In this article, we present strategies we've used to make a Breadth-First Search on graphs as fast as possible on the Cell, reaching a performance that's 22 times higher than Intel's Woodcrest, comparable to a 256-processor BlueGene/L supercomputer—and all this with just with a single Cell processor! Some techniques (loop unrolling, function inlining, SIMDization) are familiar; others (bulk synchronous parallelization, DMA traffic scheduling, overlapping of computation and transfers) are less so.
Computing Is Changing
In the last 10 years, processors are faster mainly due to increasing clock frequencies or more complex architectures. The trend can't continue because fabrication technologies are reaching physical limits. Transistors are getting so small that a gate is only a few atoms thick. Additionally, smaller circuits means higher heat production: It's more and more difficult to remove heat fast enough to avoid circuit burndown.
This is why the computing community is so interested in multicore architectures: IBM is pushing the Cell, and AMD and Intel quad-core processors. Intel also has shown its TeraScale prototype, a single chip with 80 cores. Architectures are changing fast, and developers have to keep up.
What's Under the Hood
The Cell contains:
One general-purpose 64-bit processor, the Power Processing Element (PPE).
Eight simpler processors, the Synergistic Processing Elements (SPE).
And a bus, the Element Interconnect Bus (EIB) that connects the PPE and SPEs.
The PPE is a 64-bit processor with a PowerPC instruction set, 64 KB of L1 cache memory, and 512K L2. Like Intel's HyperThreading, it supports simultaneous multithreading, but is remarkably simpler than Pentiums or Opterons.

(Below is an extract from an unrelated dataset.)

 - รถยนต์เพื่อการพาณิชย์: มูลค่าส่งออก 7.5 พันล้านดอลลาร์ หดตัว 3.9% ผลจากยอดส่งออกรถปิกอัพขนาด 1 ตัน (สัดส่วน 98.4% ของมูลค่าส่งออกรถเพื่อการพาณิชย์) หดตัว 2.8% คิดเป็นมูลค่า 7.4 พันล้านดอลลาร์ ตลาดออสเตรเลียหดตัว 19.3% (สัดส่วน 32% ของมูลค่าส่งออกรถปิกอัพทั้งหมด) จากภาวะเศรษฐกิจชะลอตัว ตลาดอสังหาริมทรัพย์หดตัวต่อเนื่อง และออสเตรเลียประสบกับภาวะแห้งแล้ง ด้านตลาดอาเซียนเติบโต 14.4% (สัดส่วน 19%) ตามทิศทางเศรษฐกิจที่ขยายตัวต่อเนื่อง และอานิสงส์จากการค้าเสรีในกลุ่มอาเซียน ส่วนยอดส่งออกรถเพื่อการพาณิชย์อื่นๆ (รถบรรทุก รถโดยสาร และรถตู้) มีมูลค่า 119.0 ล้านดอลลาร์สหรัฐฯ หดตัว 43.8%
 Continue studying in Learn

SPEs are different. They have 128-bit registers and SIMD (single instruction, multiple data) instructions that can simultaneously process the four 32-bit words inside each register. Plus, there are so many registers (128) that you can unroll loops many times before running out of them. This is ideal for dataflow-based applications.
But the most radical peculiarity for programmers is that SPEs have no cache memory. Rather, they have a 256-KB-scratchpad memory called "local store" (LS). This makes SPEs small and efficient because caches cost silicon area and electrical power. Still, it complicates things for programmers. All the variables you declare are allocated in the LS and must fit there. Larger data structures in main memory can be accessed one block at a time; it is your responsibility to load/store blocks from/to main memory via explicit DMA transfers. You have to design your algorithms to operate on a small block of data at a time, fitting in the LS. When they are finished with a block, they commit the results to main memory, and fetch the next block. In a way, this feels like the old DOS days, when everything had to fit in the (in)famous 640 KB. On the other hand, an SPE's local storage (256 KB) is so much larger than most L1 data caches (a Xeon has just 32 KB). This is one of the reasons why a single SPE outperforms the highest-clocked Pentium Xeon core by a factor of three on many benchmarks.

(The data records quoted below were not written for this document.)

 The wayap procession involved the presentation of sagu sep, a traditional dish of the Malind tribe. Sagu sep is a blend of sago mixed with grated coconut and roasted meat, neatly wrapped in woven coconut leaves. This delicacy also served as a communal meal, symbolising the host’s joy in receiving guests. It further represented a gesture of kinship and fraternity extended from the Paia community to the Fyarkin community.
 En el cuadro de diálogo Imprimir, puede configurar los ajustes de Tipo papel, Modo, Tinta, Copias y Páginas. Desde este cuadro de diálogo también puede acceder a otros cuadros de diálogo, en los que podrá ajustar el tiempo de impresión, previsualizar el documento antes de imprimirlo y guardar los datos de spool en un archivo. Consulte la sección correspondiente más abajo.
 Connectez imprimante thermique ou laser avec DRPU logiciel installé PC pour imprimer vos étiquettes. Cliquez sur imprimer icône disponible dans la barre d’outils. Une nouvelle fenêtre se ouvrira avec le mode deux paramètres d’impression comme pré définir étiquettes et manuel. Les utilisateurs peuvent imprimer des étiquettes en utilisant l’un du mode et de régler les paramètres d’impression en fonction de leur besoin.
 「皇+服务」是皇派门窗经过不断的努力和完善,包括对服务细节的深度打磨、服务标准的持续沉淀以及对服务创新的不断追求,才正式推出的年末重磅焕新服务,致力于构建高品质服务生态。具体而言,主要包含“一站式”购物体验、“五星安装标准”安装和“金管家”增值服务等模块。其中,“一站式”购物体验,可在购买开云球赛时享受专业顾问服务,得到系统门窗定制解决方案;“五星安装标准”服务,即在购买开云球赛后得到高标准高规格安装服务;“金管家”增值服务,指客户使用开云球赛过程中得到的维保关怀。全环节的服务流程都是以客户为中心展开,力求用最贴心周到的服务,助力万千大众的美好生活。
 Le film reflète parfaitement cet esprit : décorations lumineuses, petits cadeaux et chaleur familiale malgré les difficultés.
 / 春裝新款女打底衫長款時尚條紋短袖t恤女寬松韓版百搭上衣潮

The PPE, SPEs, and memory controllers are connected by the EIB bus. The EIB contains four data rings, two of which run clockwise and two counter-clockwise. It operates at 1.6 GHz and reaches aggregate transfer rates in excess of 200 GB/second. It employs point-to-point connections, similar to networks in high-performance clusters and supercomputers. Therefore, Cell programmers face issues of process mapping and congestion control—traditional problems of parallel computing. Additionally, the larger the blocks are, the higher their EIB transfer efficiency. So programmers are pressured to keep data structures small enough to fit the LS, but large enough to be transferred efficiently on the EIB.
Unfortunately, the compiler won't help you with parallelization, choice of optimal data structure size, scheduling of transfers, SIMDization, loop unrolling, and the like. You have to do that manually.

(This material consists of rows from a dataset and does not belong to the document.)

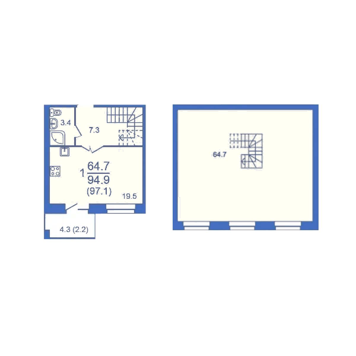 | 1-комн | от 45 м² до 97 м² | от 4,70 млн ₽ | 3 |
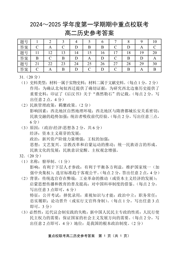 天津市五区县重点校联考2024-2025学年度第一学期期中联考历史答案
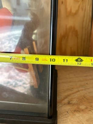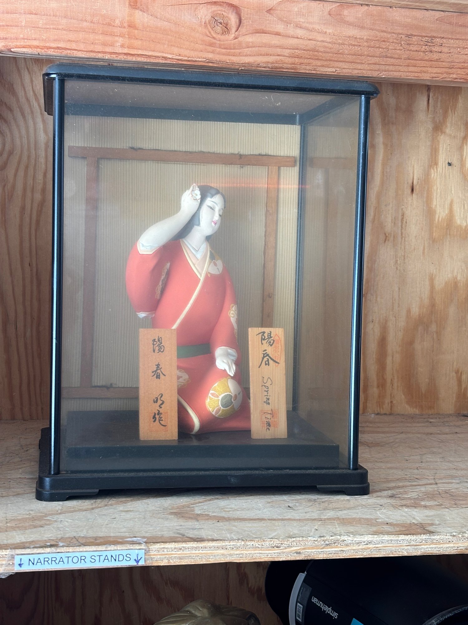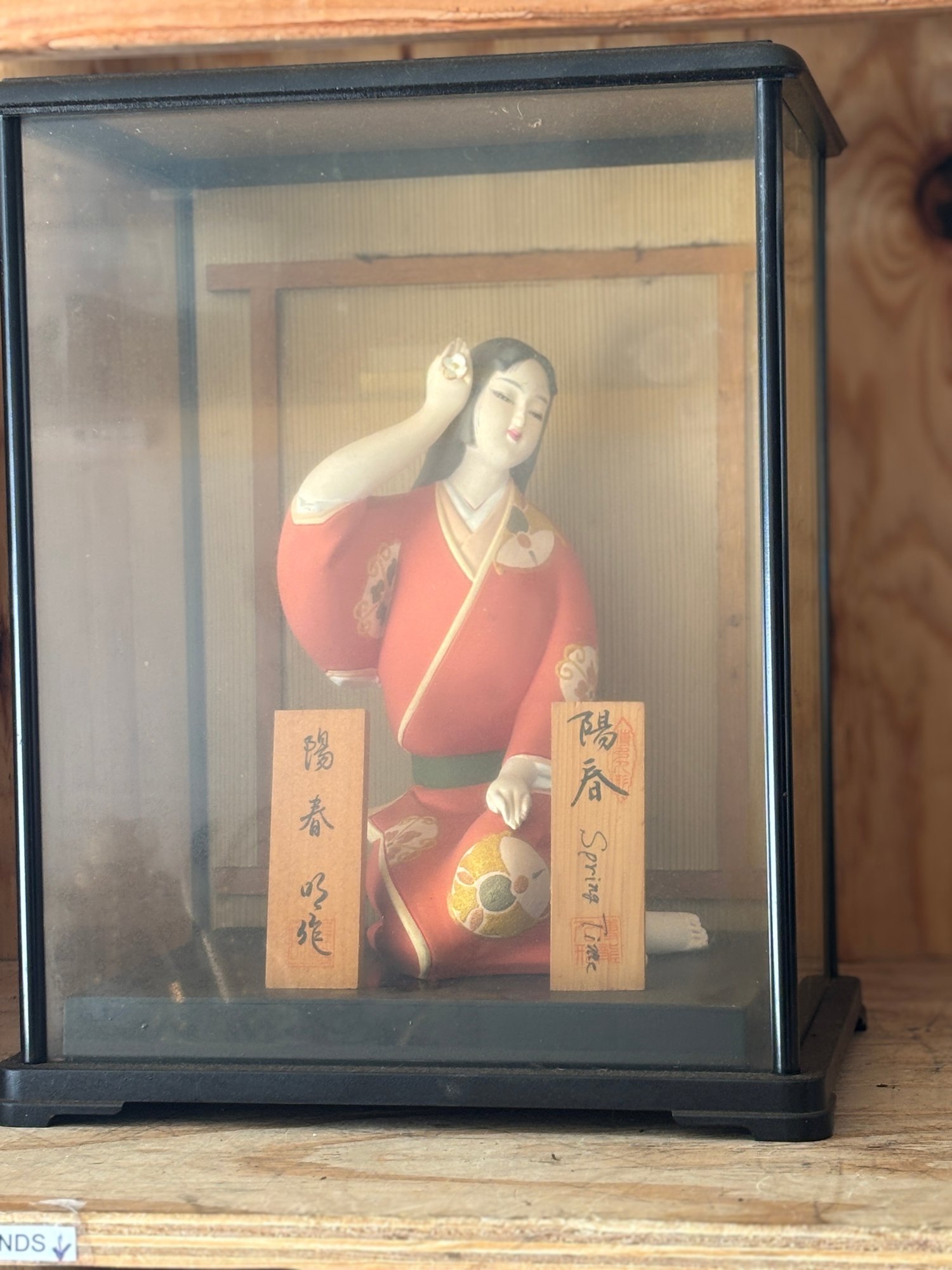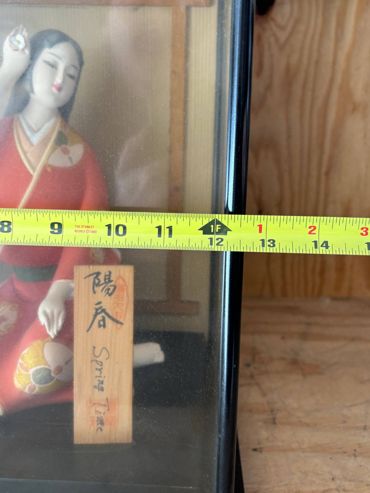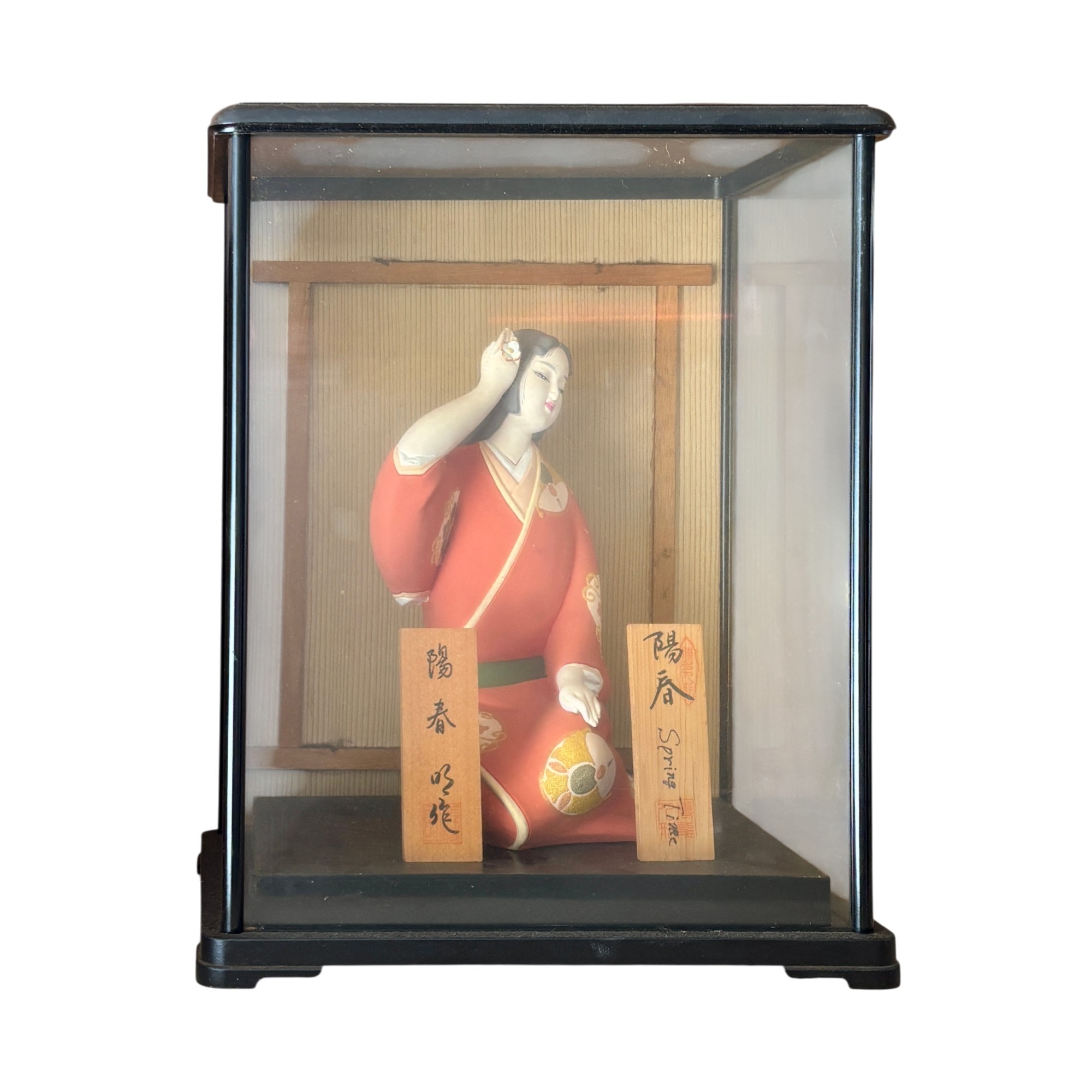 Elegant Japanese doll presented in a protective display case, featuring a beautifully detailed figure dressed in a flowing red kimono with decorative motifs and serene expression. The piece includes its original wooden presentation plaques and box, adding to its collectible appeal. A graceful cultural display object that brings warmth, tradition, and refined artistry to shelves, cabinets, or curated vignette displays.
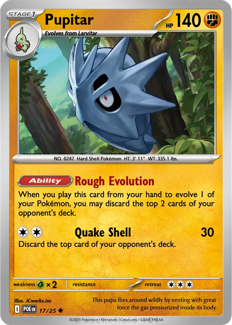 When you play this card from your hand to evolve 1 of your Pokémon, you may discard the top 2 cards of your opponent's deck.Quake Shell • 30
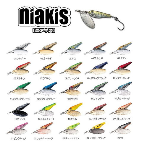 WEIGHT 9g SIZE 60mm BODY LENGTH 32mm HOOK がまかつシングル53 #2 近年、金属系トラウトルアーの主流になりつつある小型サイズスプ-ンではなく、あえて「スピナー」を提案させていただいた理由は、 「スピナーは良く釣れて好きなんだけど、糸ヨレがね・・・」 「簡単なボディーの作りが物足りない・・・」などのアングラーの声をよく耳にし、「いいなぁ~と思う物があまり出てこないよねぇ」と言うアングラーに答えるためです。スピナーの弱点と市販されている物にないフォルム。そして使い勝手の良さを考え、スミスオリジナルとしてカタチにしたもの。それがフィッシュボディースピナー「ニアキス」です。 ※掲載している商品の画像は代表画像を表示しています。また実物と色が違って見える場合があります。あらかじめご了承下さい。

The quickest way to get started with Cell programming is with the Cell SDK (www.ibm.com/developerworks/power/cell), which contains a full system simulator. To profile applications (including data transfers), you need a real system—a Mercury Computer Systems development board (www.mc.com) or Sony PlayStation 3. Mercury's board has two DD3 Cell processors clocked at 3.2 GHz, running a Linux kernel 2.6.16 with the GCC 4 compiler set. The PlayStation 3 has a single Cell, and the Fedora Core 5 distribution reportedly has been running on it (ps3.qj.net).
The Problem
To illustrate the peculiarities of Cell programming, we use the Breadth-First Search (BFS) on a graph. Despite its simplicity, this algorithm is important because it is a building block of many applications in computer graphics, artificial intelligence, astrophysics, national security, genomics, robotics, and the like.
Listing One is a minimal BFS implementation in C. Variable G contains the graph in the form of an array of adjacency lists. G[i].length tells how many neighbors the i-th vertex has, which are in G[i].neighbors[0], G[i].neighbors[1], and so on. The vertex from which the visit starts is in variable root. A BFS visit proceeds in levels: First, the root is visited, then its neighbors, then its neighbors' neighbors, and so on. At any time, queue Q contains the vertices to visit in the current level. The algorithm scans every vertex in Q, fetches its neighbors, and adds each neighbor to the list of vertices to visit in the next level, Qnext. To prevent being caught in loops, the algorithm avoids visiting those vertices that have been visited before. To do so, it maintains a marked array of Boolean variables. Neighbors are added to Qnext only when they are not already marked, then they get marked. At the end of each level, Q and Qnext swap, and Qnext is emptied.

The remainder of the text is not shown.